**Problem to solve:**
Give back every line of the data exactly. Pictures are not part of the copy.
# # #
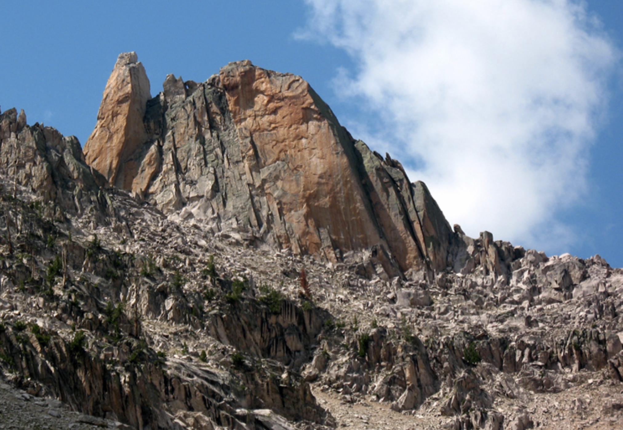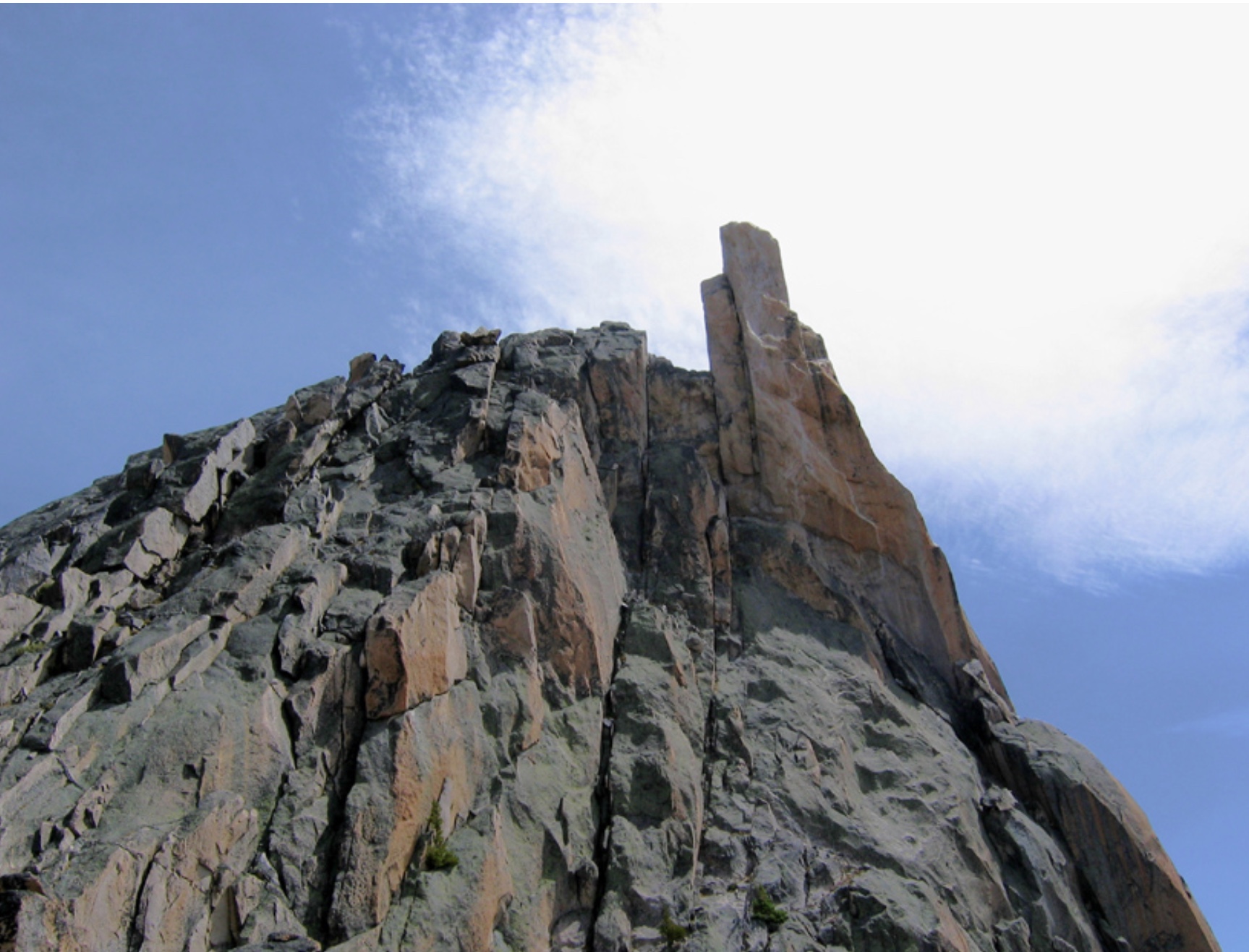 By the time the four of us down-climbed to our bivy ledge the sun was starting to set. We ate and settled into our respective spots. Soon it got dark and the wind began to blow in earnest. We saw the first of many flashes as a thunderstorm rolled in from the west. Rain poured down and the wind whipped up to about 50 m.p.h. We huddled in our spots and, in case we took a hit, we said goodbye to each other over the howling wind. Lightning struck below and above us. Rain hit the rocks in sheets and for maybe ten minutes it went up the mountain instead of down it. It then changed direction and poured downward for at least another half-hour. Lightning flashes that illuminated the entire mountainside left us temporarily blinded. There was no pause between the lightning and thunder, only loud explosions and an acrid smell in the air. Finally, the storm passed, and we were all okay. I later realized we had gone through a vertical wind shear, where the wind blows up one side of a thundercloud and down the other. We had experienced both sides of the storm.
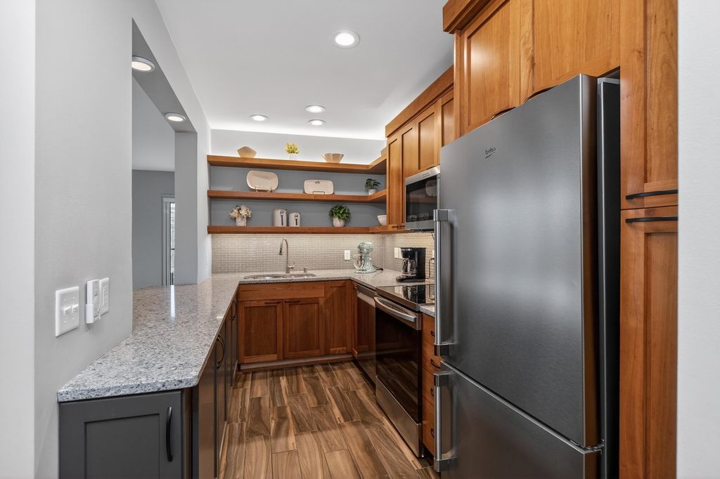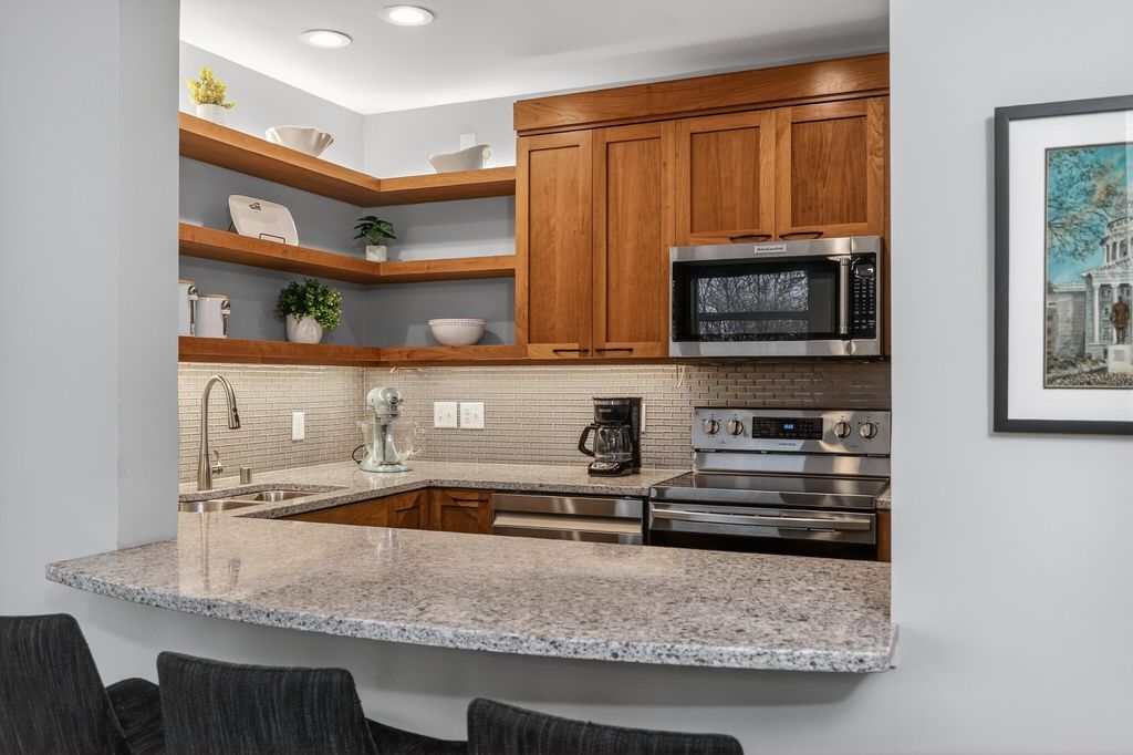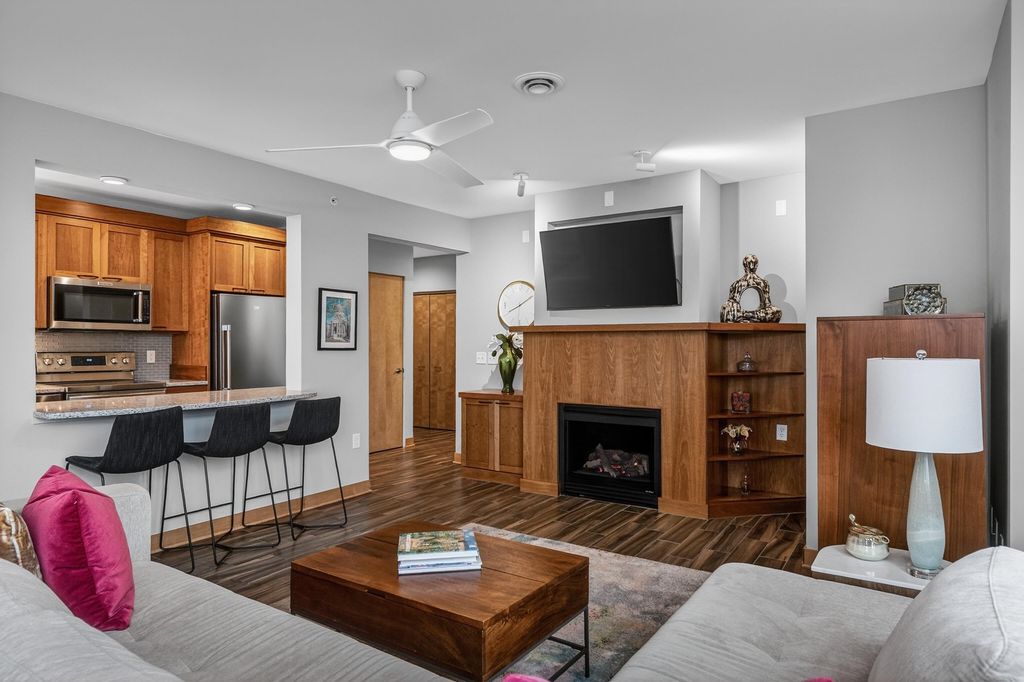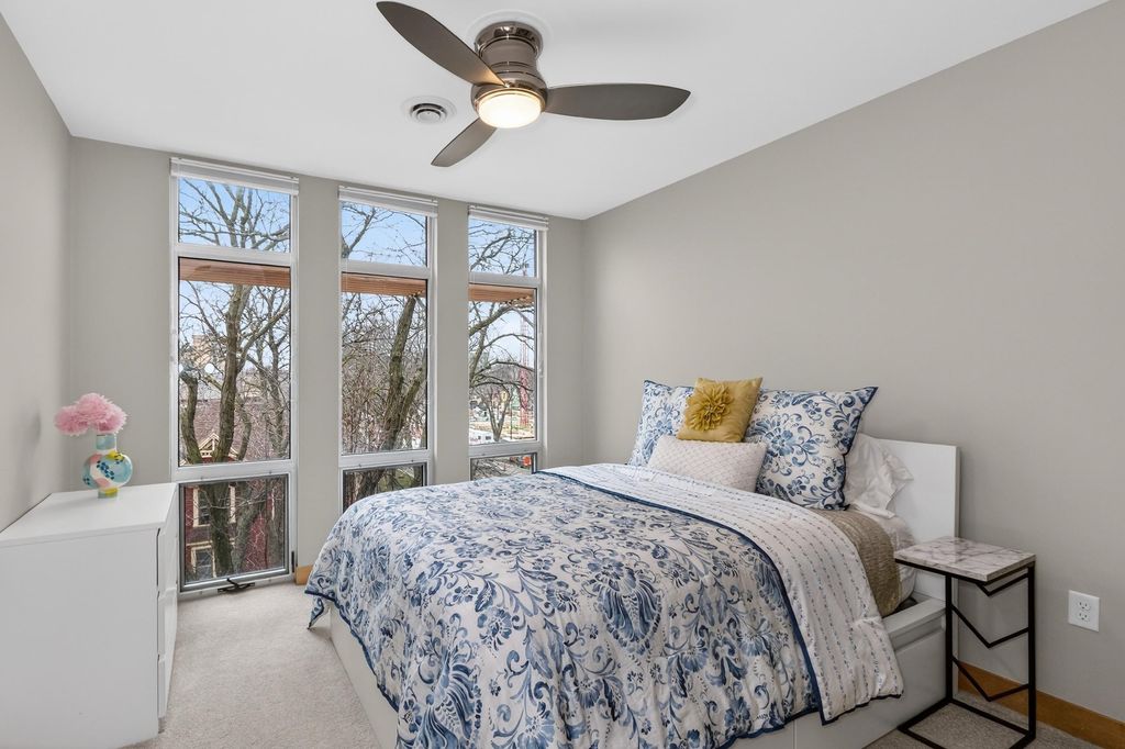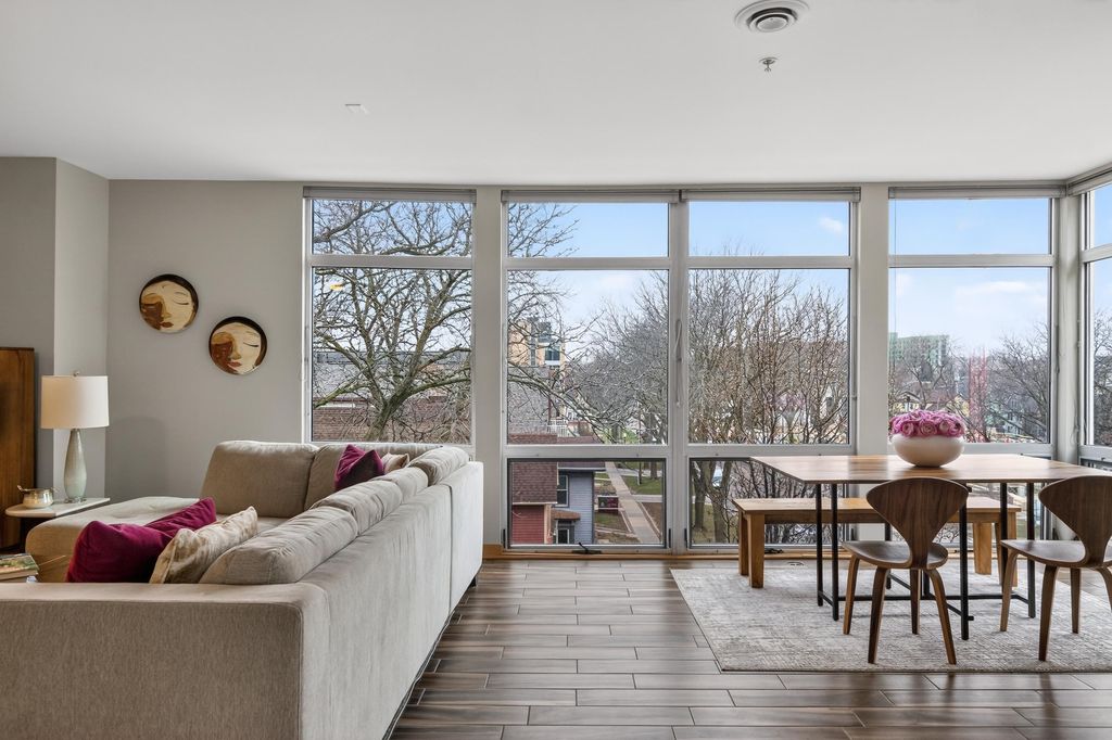 Top-floor corner condo located just four blocks from the Capitol Square sets the tone for this spacious two-bedroom plus a large office condo. Expansive floor-to-ceiling windows draw in natural light and frame Capitol views enjoyed from both the office and a private balcony. The kitchen is well-appointed with new stainless steel appliances, cherry cabinetry, solid surface counters, and breakfast bar, opening to a living space anchored by a gas fireplace and custom built-ins.. Many updates including: bathrooms remodeled in 2021, flooring, interior painted, window blinds, water heater, washer, dryer all new in 2021, HVAC-2023, sliding glass door in primary bedroom-2025. Unit includes a dedicated parking space(Space O) and large deeded storage unit, pairing everyday ease with a walkable downtown lifestyle. Condo fees=$568 + $75 for parking with a total condo fee of $643/month.
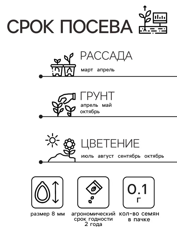 Семена высевают в марте-апреле, пикируют с развитием первой пары настоящих листочков по схеме 5х5 см, в открытый грунт рассаду высаживают с середины мая до начала июня.
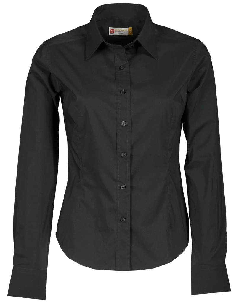 Damenbluse aus feinster gekämmter Baumwolle, körpernah geschnitten, mit Abnähern vorn und hinten, Kragen im italienischen Design, geformten Manschetten mit 2 Knöpfen und einem Knopfloch, sichtbarer Knopfleiste und Knöpf
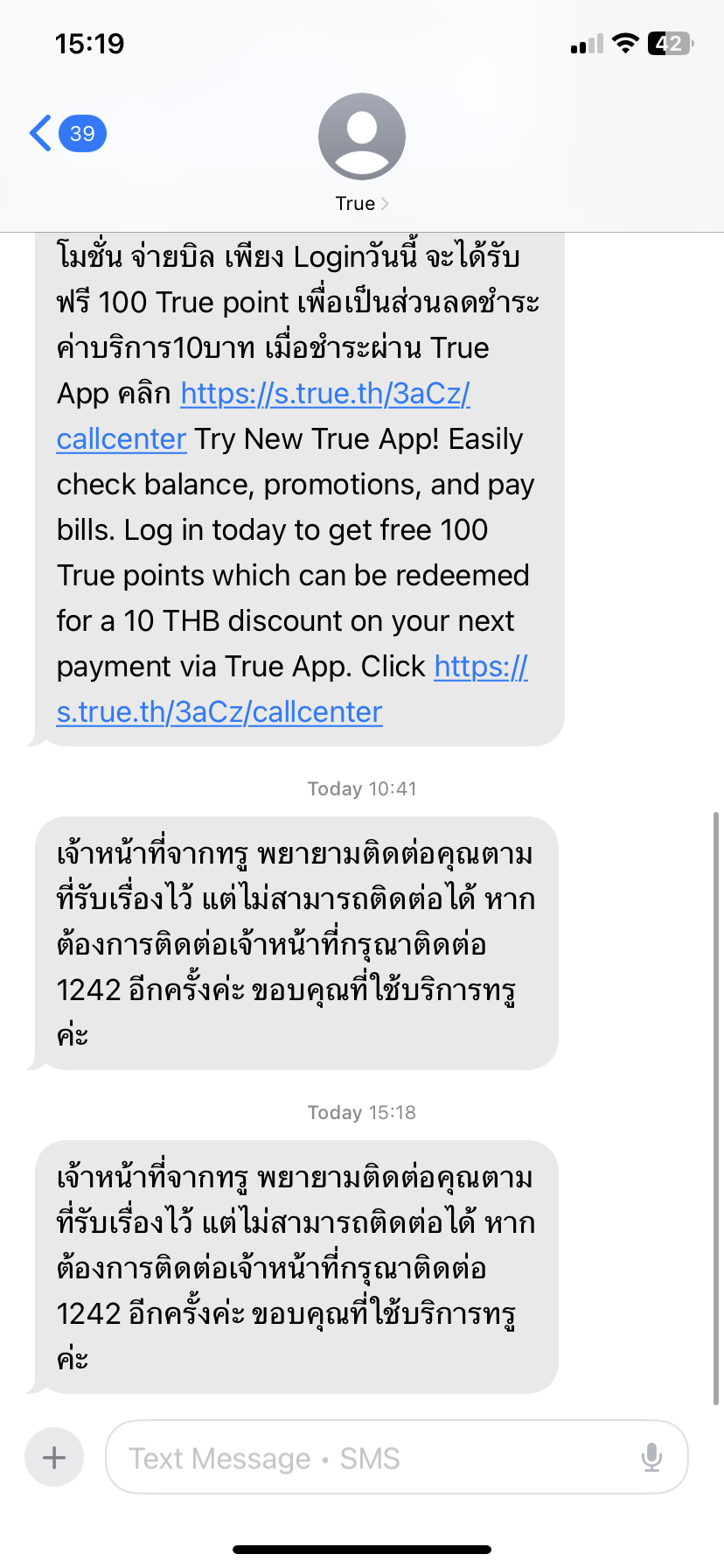 “เจ้าหน้าที่จากทรู พยายามติดต่อคุณตามที่รับเรื่องไว้ แต่ไม่สามารถติดต่อได้ หากต้องการติดต่อเจ้าหน้าที่กรุณาติดต่อ 1242 อีกครั้งค่ะ ขอบคุณที่ใช้บริการทรูค่ะ” ตามที่แนบรูปไว้
# # #
**Exercise answer:**
 By the time the four of us down-climbed to our bivy ledge the sun was starting to set. We ate and settled into our respective spots. Soon it got dark and the wind began to blow in earnest. We saw the first of many flashes as a thunderstorm rolled in from the west. Rain poured down and the wind whipped up to about 50 m.p.h. We huddled in our spots and, in case we took a hit, we said goodbye to each other over the howling wind. Lightning struck below and above us. Rain hit the rocks in sheets and for maybe ten minutes it went up the mountain instead of down it. It then changed direction and poured downward for at least another half-hour. Lightning flashes that illuminated the entire mountainside left us temporarily blinded. There was no pause between the lightning and thunder, only loud explosions and an acrid smell in the air. Finally, the storm passed, and we were all okay. I later realized we had gone through a vertical wind shear, where the wind blows up one side of a thundercloud and down the other. We had experienced both sides of the storm.
 Top-floor corner condo located just four blocks from the Capitol Square sets the tone for this spacious two-bedroom plus a large office condo. Expansive floor-to-ceiling windows draw in natural light and frame Capitol views enjoyed from both the office and a private balcony. The kitchen is well-appointed with new stainless steel appliances, cherry cabinetry, solid surface counters, and breakfast bar, opening to a living space anchored by a gas fireplace and custom built-ins.. Many updates including: bathrooms remodeled in 2021, flooring, interior painted, window blinds, water heater, washer, dryer all new in 2021, HVAC-2023, sliding glass door in primary bedroom-2025. Unit includes a dedicated parking space(Space O) and large deeded storage unit, pairing everyday ease with a walkable downtown lifestyle. Condo fees=$568 + $75 for parking with a total condo fee of $643/month.
 Семена высевают в марте-апреле, пикируют с развитием первой пары настоящих листочков по схеме 5х5 см, в открытый грунт рассаду высаживают с середины мая до начала июня.
 Damenbluse aus feinster gekämmter Baumwolle, körpernah geschnitten, mit Abnähern vorn und hinten, Kragen im italienischen Design, geformten Manschetten mit 2 Knöpfen und einem Knopfloch, sichtbarer Knopfleiste und Knöpf
 “เจ้าหน้าที่จากทรู พยายามติดต่อคุณตามที่รับเรื่องไว้ แต่ไม่สามารถติดต่อได้ หากต้องการติดต่อเจ้าหน้าที่กรุณาติดต่อ 1242 อีกครั้งค่ะ ขอบคุณที่ใช้บริการทรูค่ะ” ตามที่แนบรูปไว้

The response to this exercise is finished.